*Exercise instructions*
Once the line holding "The image depicts" is found in the entries below, transcribe exactly every line up to and including the one holding "Body manica corta", but leave out the pictures.

*Supplied entries*
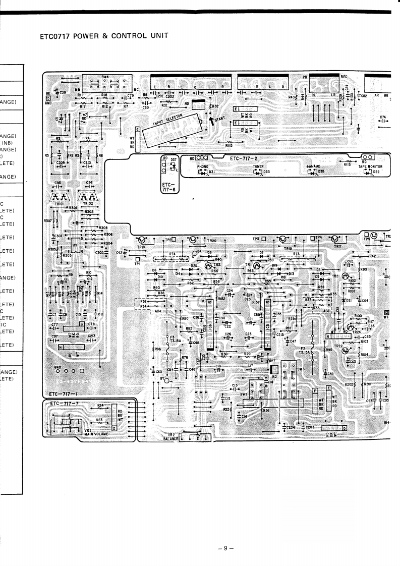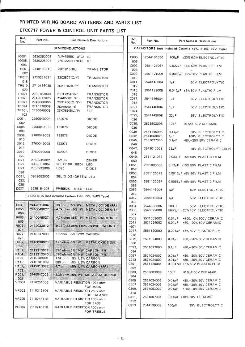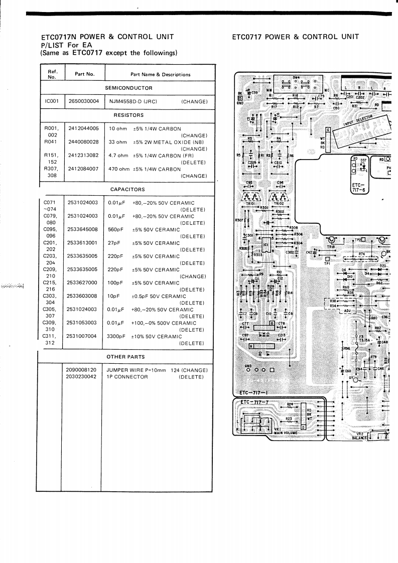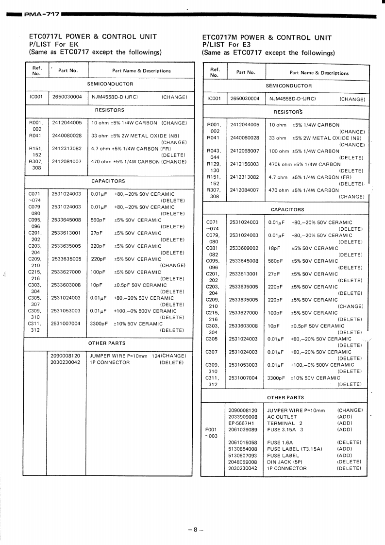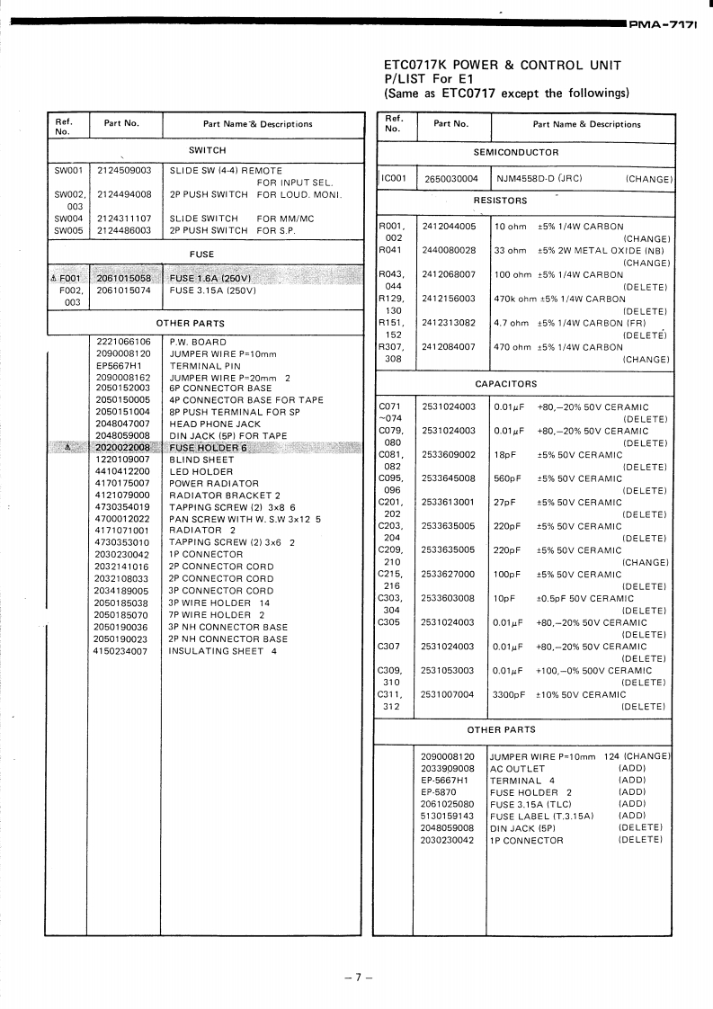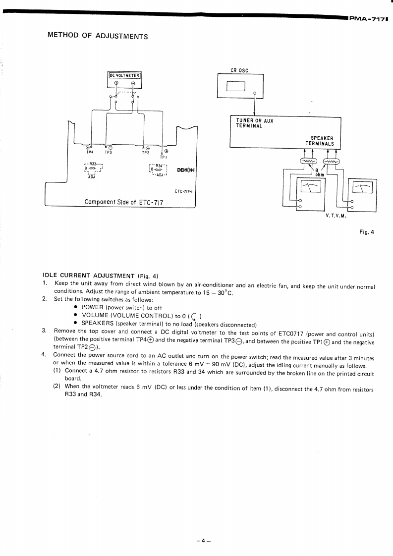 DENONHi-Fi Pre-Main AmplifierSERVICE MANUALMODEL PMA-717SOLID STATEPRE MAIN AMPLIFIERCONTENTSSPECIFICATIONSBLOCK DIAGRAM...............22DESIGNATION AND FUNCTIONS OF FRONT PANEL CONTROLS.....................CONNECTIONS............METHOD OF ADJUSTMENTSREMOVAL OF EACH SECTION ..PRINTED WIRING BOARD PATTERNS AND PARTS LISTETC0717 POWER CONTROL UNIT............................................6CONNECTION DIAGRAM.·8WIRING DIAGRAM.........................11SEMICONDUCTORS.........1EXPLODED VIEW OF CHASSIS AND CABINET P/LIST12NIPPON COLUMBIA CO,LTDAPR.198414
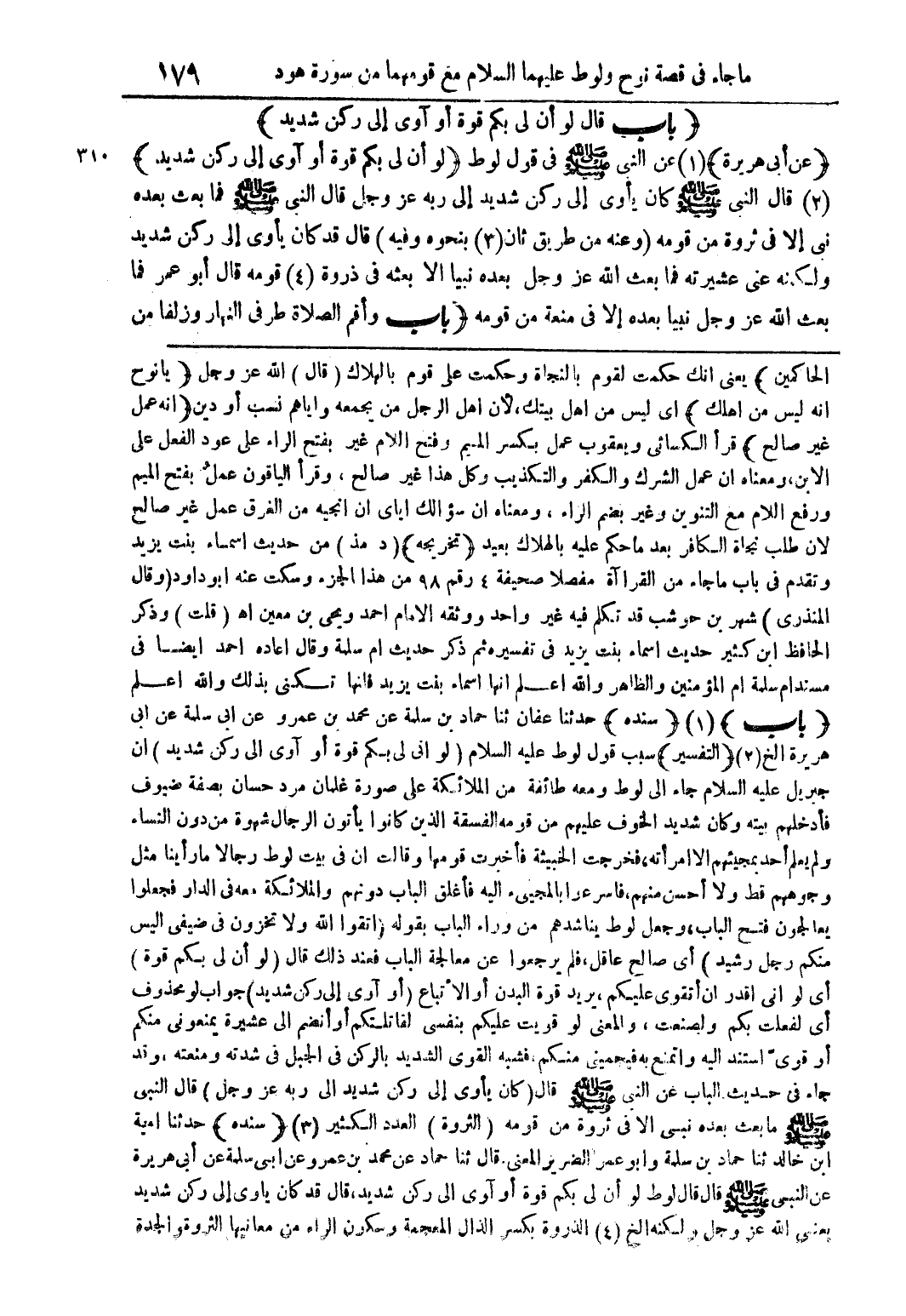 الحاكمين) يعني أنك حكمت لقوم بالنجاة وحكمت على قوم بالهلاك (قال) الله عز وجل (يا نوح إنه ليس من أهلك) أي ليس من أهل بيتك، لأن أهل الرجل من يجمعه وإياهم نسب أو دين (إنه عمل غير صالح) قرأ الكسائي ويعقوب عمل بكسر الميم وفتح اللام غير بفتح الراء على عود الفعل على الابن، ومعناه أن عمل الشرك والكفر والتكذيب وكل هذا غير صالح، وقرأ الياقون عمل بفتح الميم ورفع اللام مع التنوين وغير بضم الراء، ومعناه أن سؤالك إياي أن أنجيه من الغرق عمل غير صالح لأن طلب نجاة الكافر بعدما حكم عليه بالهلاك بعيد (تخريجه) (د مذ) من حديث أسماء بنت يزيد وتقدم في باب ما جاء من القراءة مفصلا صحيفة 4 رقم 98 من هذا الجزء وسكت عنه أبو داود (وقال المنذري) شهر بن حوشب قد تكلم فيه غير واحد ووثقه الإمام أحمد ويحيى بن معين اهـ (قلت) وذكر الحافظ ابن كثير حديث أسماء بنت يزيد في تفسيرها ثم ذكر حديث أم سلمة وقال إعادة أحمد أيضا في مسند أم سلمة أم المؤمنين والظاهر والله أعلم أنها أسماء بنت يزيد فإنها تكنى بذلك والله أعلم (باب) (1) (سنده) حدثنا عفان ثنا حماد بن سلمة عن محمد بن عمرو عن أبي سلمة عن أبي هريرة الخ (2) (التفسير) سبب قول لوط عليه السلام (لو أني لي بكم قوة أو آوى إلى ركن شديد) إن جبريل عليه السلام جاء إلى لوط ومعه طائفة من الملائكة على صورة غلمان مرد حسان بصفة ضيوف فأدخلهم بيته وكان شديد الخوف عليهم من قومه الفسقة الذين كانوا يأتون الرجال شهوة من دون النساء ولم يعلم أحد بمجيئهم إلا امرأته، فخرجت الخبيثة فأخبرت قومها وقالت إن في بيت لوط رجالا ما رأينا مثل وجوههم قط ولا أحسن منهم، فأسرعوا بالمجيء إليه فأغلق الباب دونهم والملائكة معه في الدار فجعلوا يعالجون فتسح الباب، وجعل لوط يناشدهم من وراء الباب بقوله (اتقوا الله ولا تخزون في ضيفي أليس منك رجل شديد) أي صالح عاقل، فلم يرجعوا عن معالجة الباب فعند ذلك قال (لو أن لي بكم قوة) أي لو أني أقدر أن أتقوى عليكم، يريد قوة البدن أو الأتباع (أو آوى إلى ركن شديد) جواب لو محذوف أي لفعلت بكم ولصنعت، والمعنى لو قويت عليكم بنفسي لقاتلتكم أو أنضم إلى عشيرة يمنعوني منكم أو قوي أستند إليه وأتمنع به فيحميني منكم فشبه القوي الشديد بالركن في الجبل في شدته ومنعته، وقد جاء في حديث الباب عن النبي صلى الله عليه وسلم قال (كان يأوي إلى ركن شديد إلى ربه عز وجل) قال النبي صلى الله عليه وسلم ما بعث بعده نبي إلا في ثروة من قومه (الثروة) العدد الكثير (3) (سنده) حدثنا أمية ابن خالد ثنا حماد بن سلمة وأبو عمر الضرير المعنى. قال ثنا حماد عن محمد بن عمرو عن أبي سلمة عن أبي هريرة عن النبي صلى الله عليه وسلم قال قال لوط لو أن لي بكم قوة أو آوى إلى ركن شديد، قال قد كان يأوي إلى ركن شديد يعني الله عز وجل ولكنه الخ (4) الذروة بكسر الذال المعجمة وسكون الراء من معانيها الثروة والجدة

---

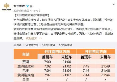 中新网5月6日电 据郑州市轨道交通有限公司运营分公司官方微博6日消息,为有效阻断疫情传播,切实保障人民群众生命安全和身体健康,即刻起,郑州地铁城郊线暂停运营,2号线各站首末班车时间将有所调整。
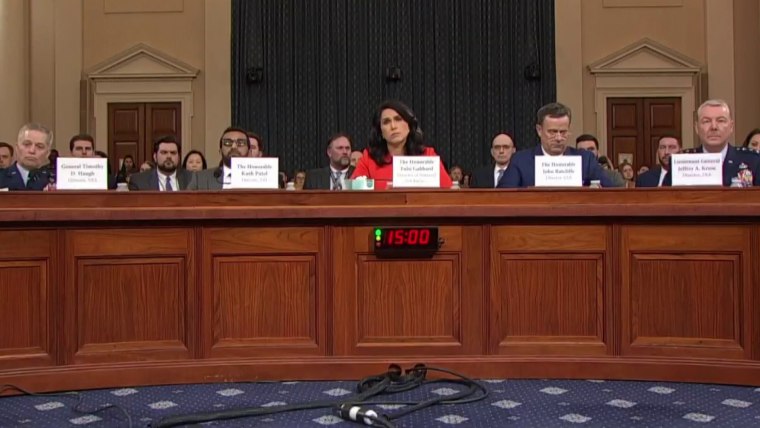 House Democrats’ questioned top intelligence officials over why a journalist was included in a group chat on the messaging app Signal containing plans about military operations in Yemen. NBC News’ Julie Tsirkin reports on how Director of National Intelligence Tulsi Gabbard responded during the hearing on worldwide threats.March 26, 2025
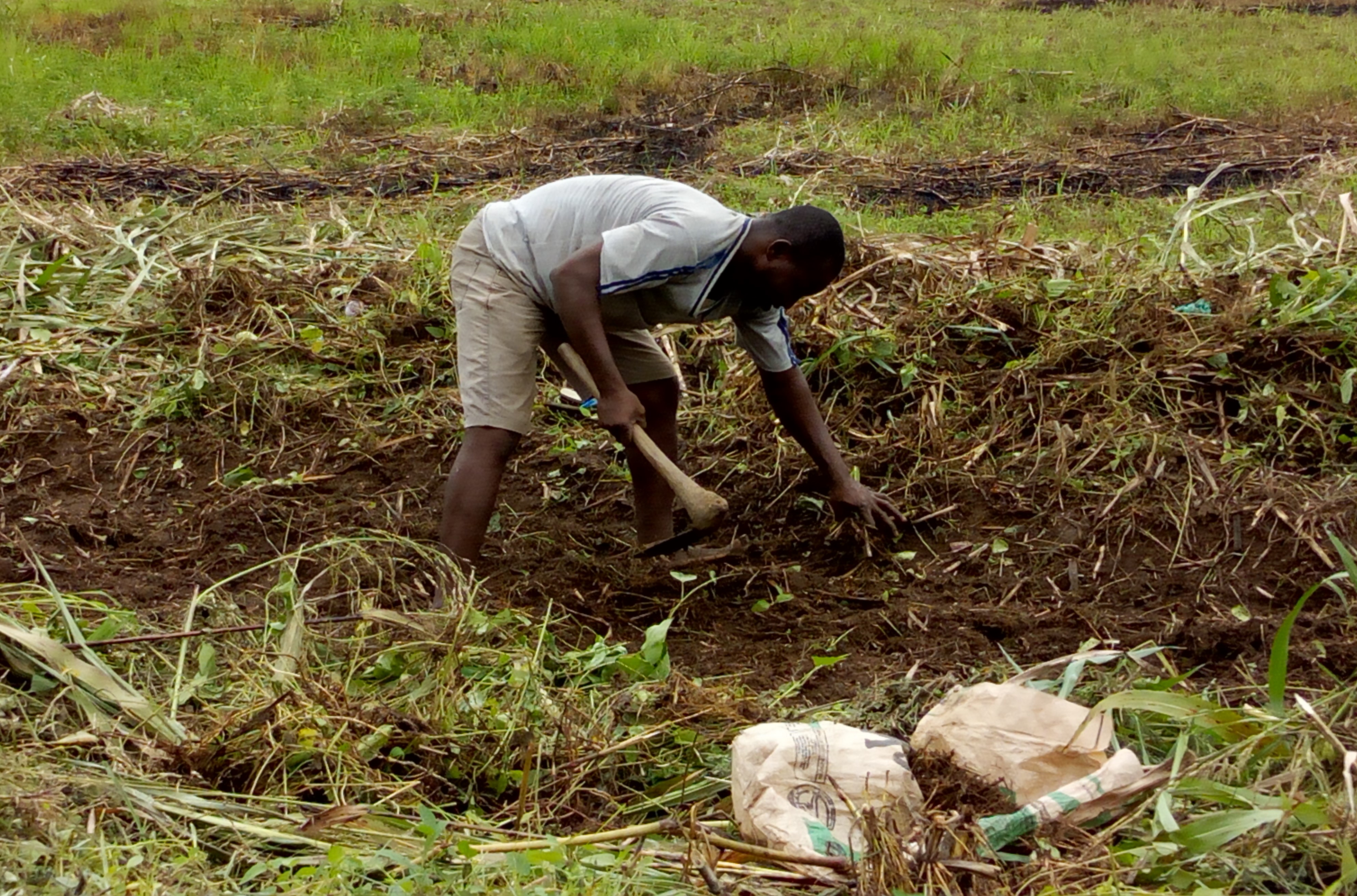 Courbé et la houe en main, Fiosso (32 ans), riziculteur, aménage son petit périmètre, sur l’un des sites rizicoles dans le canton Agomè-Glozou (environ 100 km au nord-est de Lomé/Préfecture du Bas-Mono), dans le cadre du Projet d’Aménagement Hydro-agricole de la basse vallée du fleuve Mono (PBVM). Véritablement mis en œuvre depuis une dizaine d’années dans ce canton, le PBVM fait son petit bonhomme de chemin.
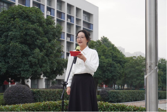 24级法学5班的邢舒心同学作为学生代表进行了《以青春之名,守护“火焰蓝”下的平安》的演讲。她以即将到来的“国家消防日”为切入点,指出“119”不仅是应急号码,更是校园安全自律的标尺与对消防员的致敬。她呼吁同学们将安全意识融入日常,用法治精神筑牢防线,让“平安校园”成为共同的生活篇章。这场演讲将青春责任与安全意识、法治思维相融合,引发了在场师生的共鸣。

* * *

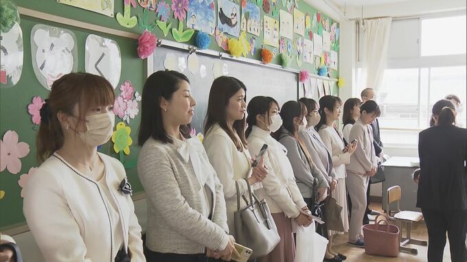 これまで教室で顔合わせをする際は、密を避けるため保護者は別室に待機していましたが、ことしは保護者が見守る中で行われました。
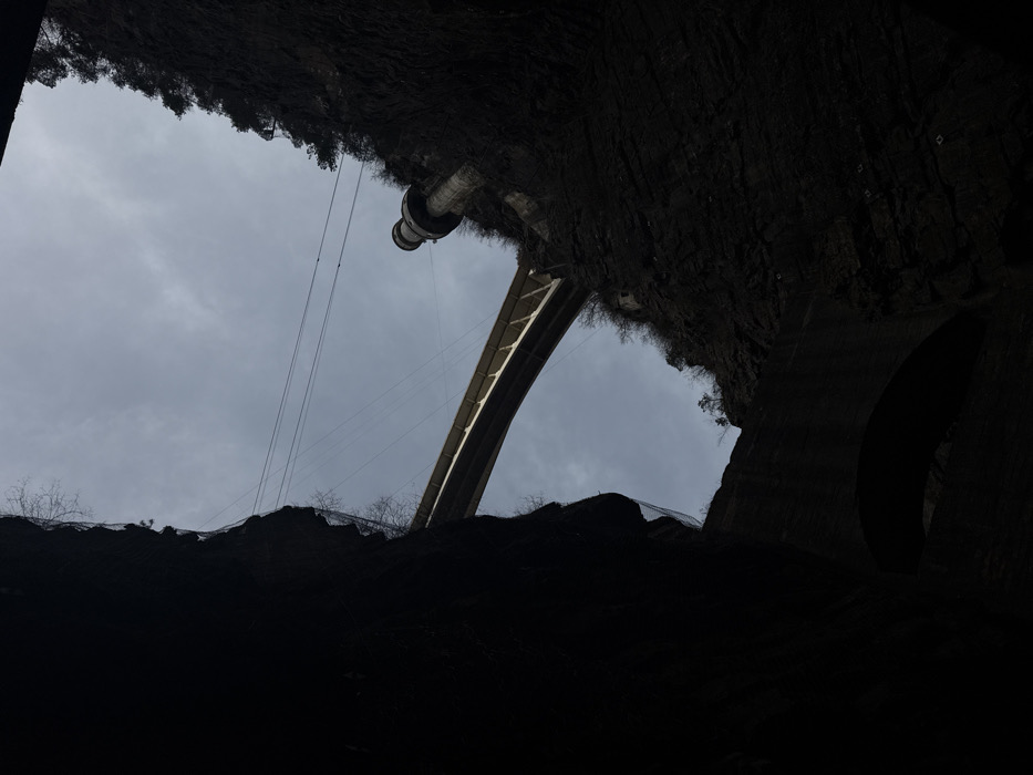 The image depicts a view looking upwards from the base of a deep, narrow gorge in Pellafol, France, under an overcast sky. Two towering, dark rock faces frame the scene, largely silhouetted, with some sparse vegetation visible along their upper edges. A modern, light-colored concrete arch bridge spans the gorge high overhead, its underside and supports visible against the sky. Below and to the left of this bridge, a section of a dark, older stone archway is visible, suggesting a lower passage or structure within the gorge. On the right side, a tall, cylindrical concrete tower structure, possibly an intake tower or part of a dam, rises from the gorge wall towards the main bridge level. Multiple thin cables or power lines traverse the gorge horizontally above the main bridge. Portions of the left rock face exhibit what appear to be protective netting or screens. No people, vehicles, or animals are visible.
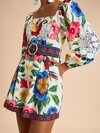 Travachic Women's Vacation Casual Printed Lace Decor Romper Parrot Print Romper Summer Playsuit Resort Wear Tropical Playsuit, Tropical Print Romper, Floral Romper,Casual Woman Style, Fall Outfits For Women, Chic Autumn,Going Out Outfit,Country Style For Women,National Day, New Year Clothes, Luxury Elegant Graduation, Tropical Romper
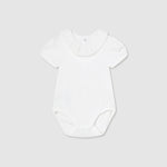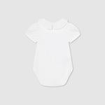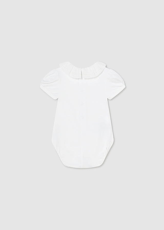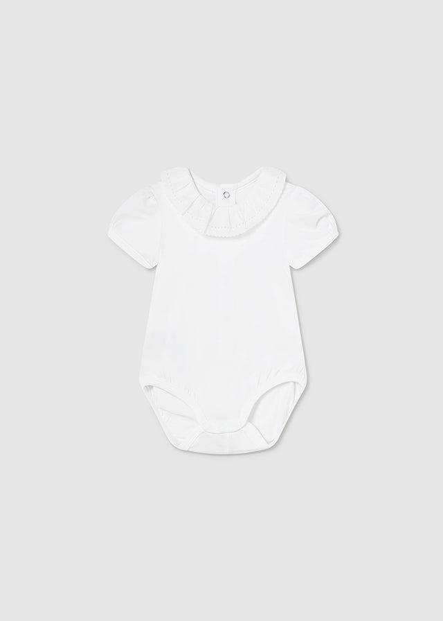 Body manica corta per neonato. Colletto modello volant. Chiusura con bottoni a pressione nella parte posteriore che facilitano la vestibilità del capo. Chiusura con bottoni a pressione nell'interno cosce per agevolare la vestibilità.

*Response below*
 The image depicts a view looking upwards from the base of a deep, narrow gorge in Pellafol, France, under an overcast sky. Two towering, dark rock faces frame the scene, largely silhouetted, with some sparse vegetation visible along their upper edges. A modern, light-colored concrete arch bridge spans the gorge high overhead, its underside and supports visible against the sky. Below and to the left of this bridge, a section of a dark, older stone archway is visible, suggesting a lower passage or structure within the gorge. On the right side, a tall, cylindrical concrete tower structure, possibly an intake tower or part of a dam, rises from the gorge wall towards the main bridge level. Multiple thin cables or power lines traverse the gorge horizontally above the main bridge. Portions of the left rock face exhibit what appear to be protective netting or screens. No people, vehicles, or animals are visible.
 Travachic Women's Vacation Casual Printed Lace Decor Romper Parrot Print Romper Summer Playsuit Resort Wear Tropical Playsuit, Tropical Print Romper, Floral Romper,Casual Woman Style, Fall Outfits For Women, Chic Autumn,Going Out Outfit,Country Style For Women,National Day, New Year Clothes, Luxury Elegant Graduation, Tropical Romper
 Body manica corta per neonato. Colletto modello volant. Chiusura con bottoni a pressione nella parte posteriore che facilitano la vestibilità del capo. Chiusura con bottoni a pressione nell'interno cosce per agevolare la vestibilità.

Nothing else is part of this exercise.